Die Anforderungen an die Fahrzeuge für Asien oder Europa unterscheiden sich gar nicht so sehr von denen, die in den Vereinigten Staaten gelten. Es gibt natürlich entsprechende Normen, vor allem was das Crash-Verhalten betrifft, aber auch spezielle Anforderungen an die Sichtverhältnisse des Fahrers und schließlich für die Behindertenfreundlichkeit. Diese Normen zu erfüllen war aber für uns jedoch kein Problem.

Die größte Herausforderung des Projektes?
Wir mussten mit unserem europäischen Kulturverständnis die Erwartungen des US-Kunden treffen. Dabei hat uns sicher geholfen, dass sowohl ich als auch mein Kollege Marvin Kessler-Scheil während unseres Studiums längere Zeiten in USA verbracht haben und wir uns mit dem kulturellen Eigenverständnis bereits auseinandergesetzt haben.
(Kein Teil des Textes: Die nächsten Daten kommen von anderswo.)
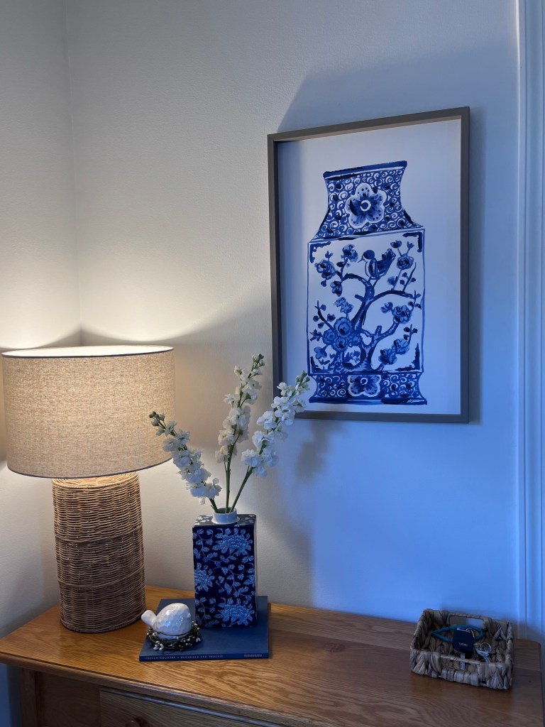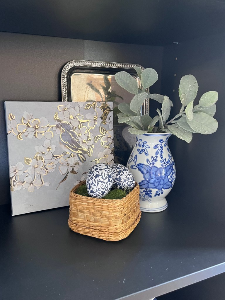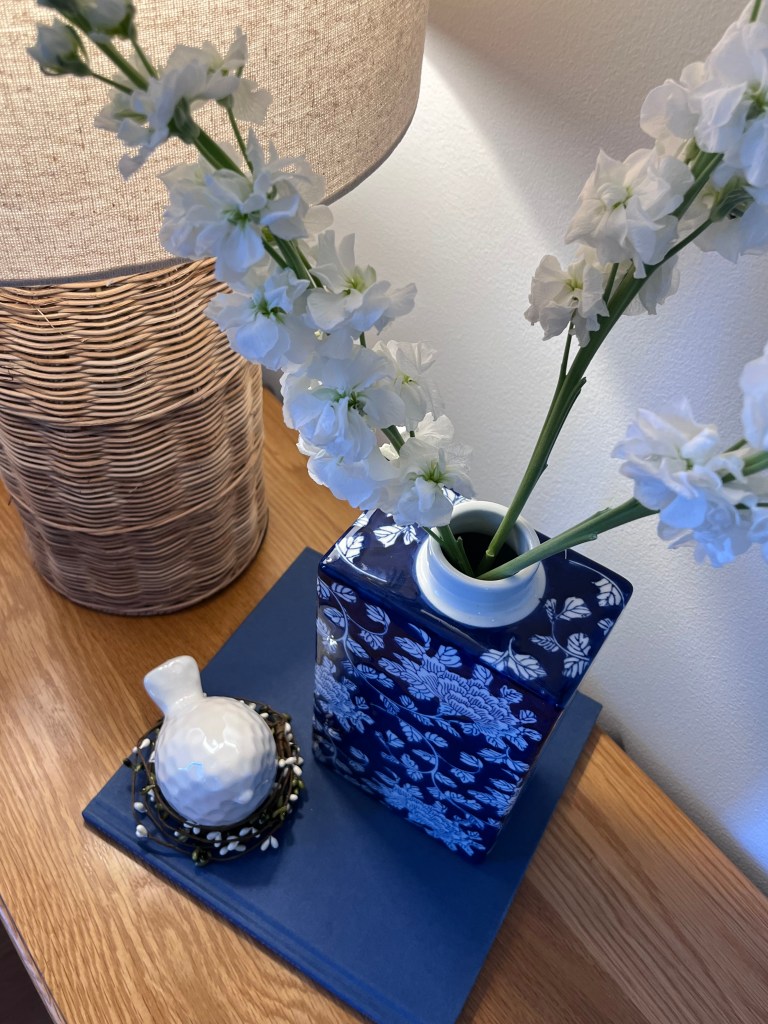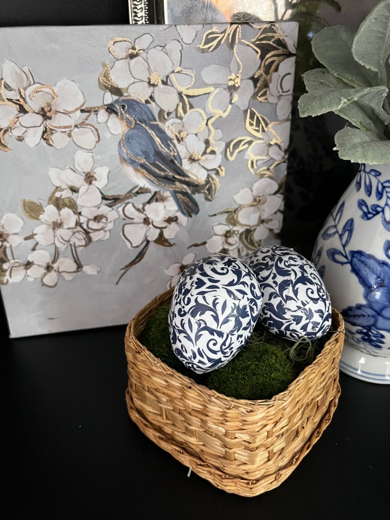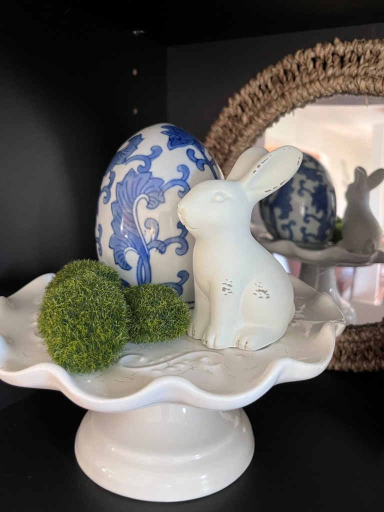 I’ve really come to love decorating for spring. It’s fun to lighten up all the pieces I used during the winter with classic pieces that are still in my blue/white/green palette.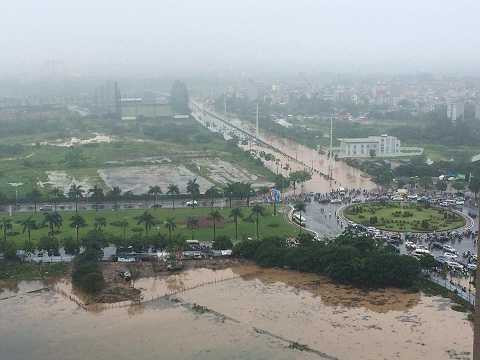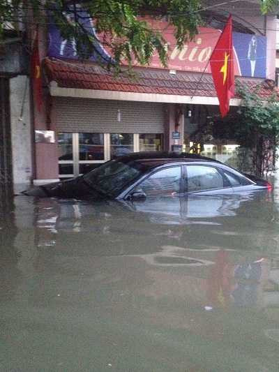 | Nhiều tuyến phố Hà Nội biến thành sông. Ảnh: Otofun |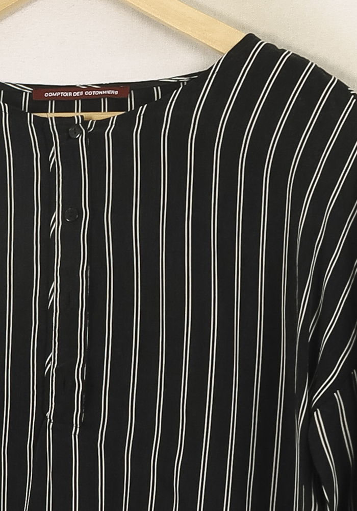 Top noir à rayures verticales Comptoir des Cotonniers, taille XL/42 – un incontournable élégant signé par la marque. Confectionné dans une matière fluide, ce haut présente des rayures fines blanches et une encolure ronde, subtilement rehaussée par une patte de boutonnage discrète, apportant modernité et raffinement. Idéal pour une journée de travail ou un dîner en ville, ce top assure confort et allure sophistiquée.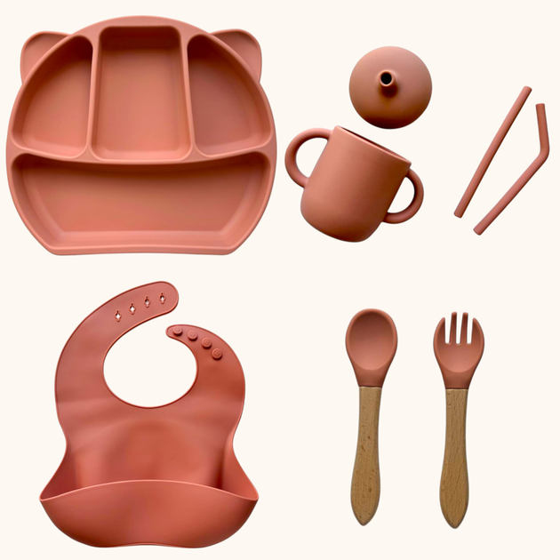 Набір дитячого силіконового посуду "Стартовий. Бук" Персиковий (2767041768)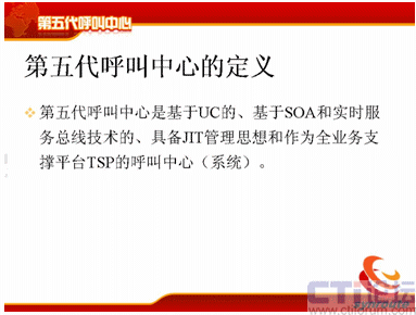 第五代呼叫中心的定義比較簡單,第五代呼叫中心是基于UC的,基于SOA和實時服務(wù)總線技術(shù)的,具備JIT管理思想和作為全業(yè)務(wù)支撐平臺TSP的呼叫中心系統(tǒng)。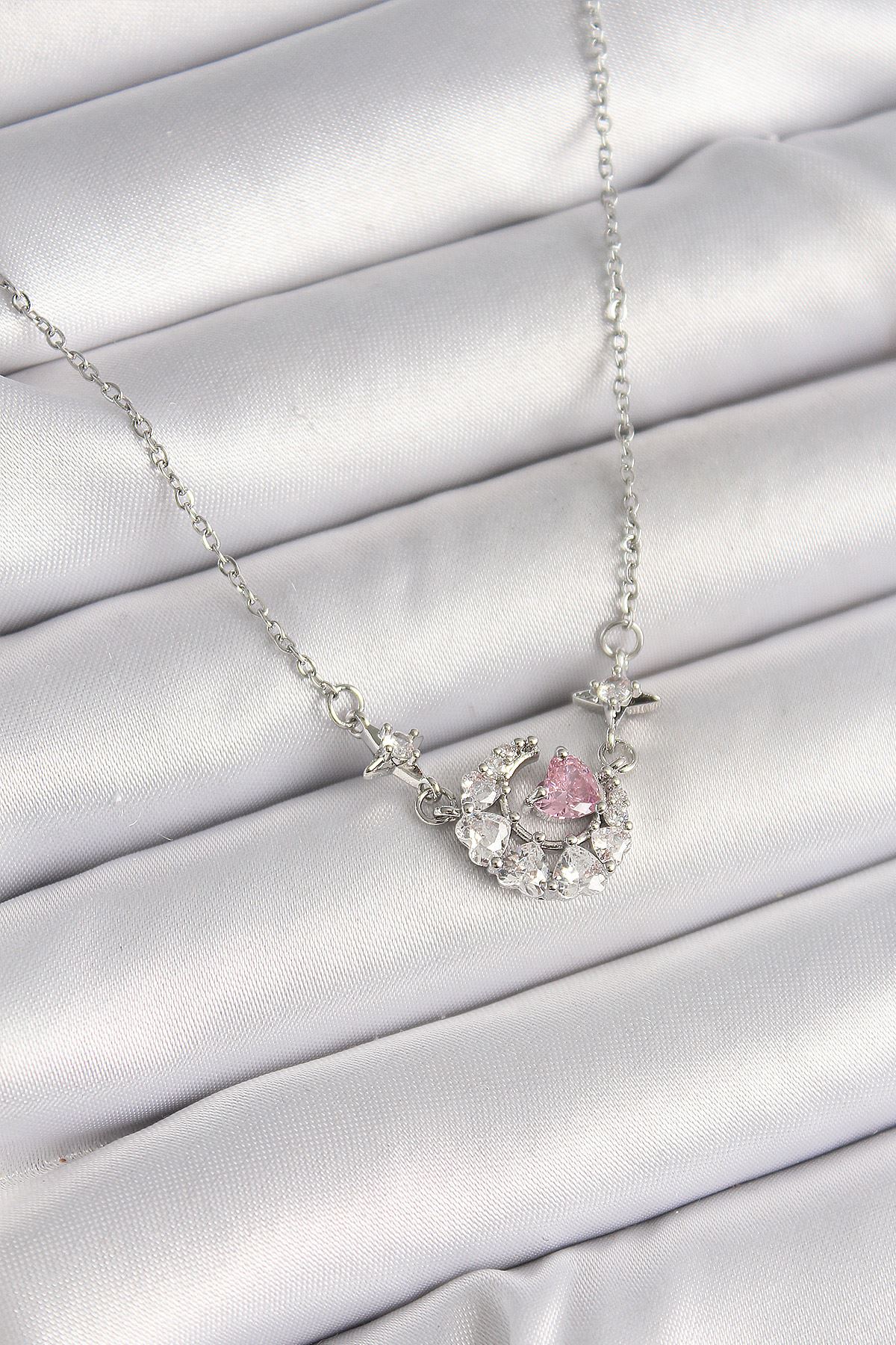 YRTCL 316L Çelik Gümüş Renk Zirkon Taşlı Hilal Pembe Kalp Model Kadın Kolye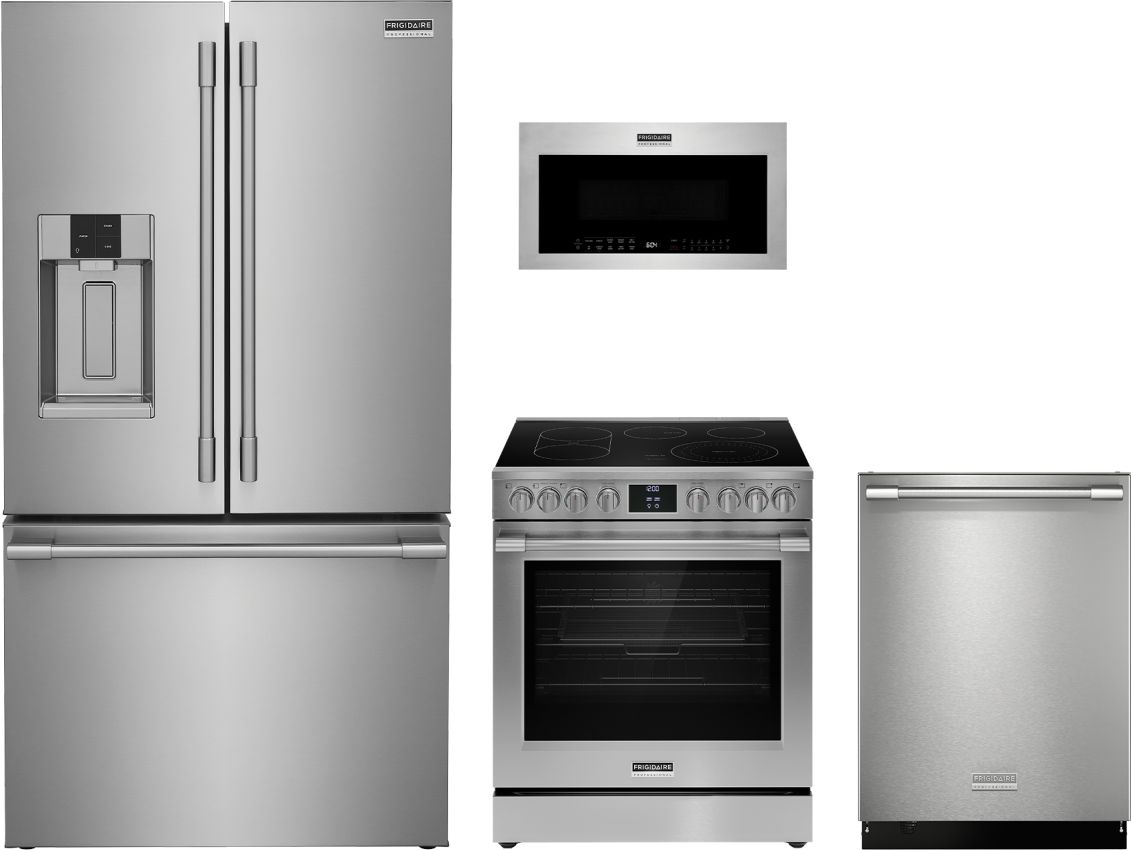 Frigidaire Professional® 4 Piece Stainless Steel Kitchen Package with a French Door Refrigerator, Freestanding Electric Range, Built In Dishwasher, and Over The Range Microwave.Read More

Letztendlich hat der Erfolg des Projektes unsere Einschätzung bestätigt.

Bot der Job mehr oder weniger Designfreiheiten als ein vergleichbares Projekt in Europa?
Da gibt es keine grundsätzlichen Unterschiede zwischen USA und Europa. Wie immer geht es um das Einhalten der Normen, um finanzielle Rahmenbedingungen und –  last, but not least – um den Mut des Herstellers wie des Betreibers, neue Gestaltungsansätze aufzunehmen.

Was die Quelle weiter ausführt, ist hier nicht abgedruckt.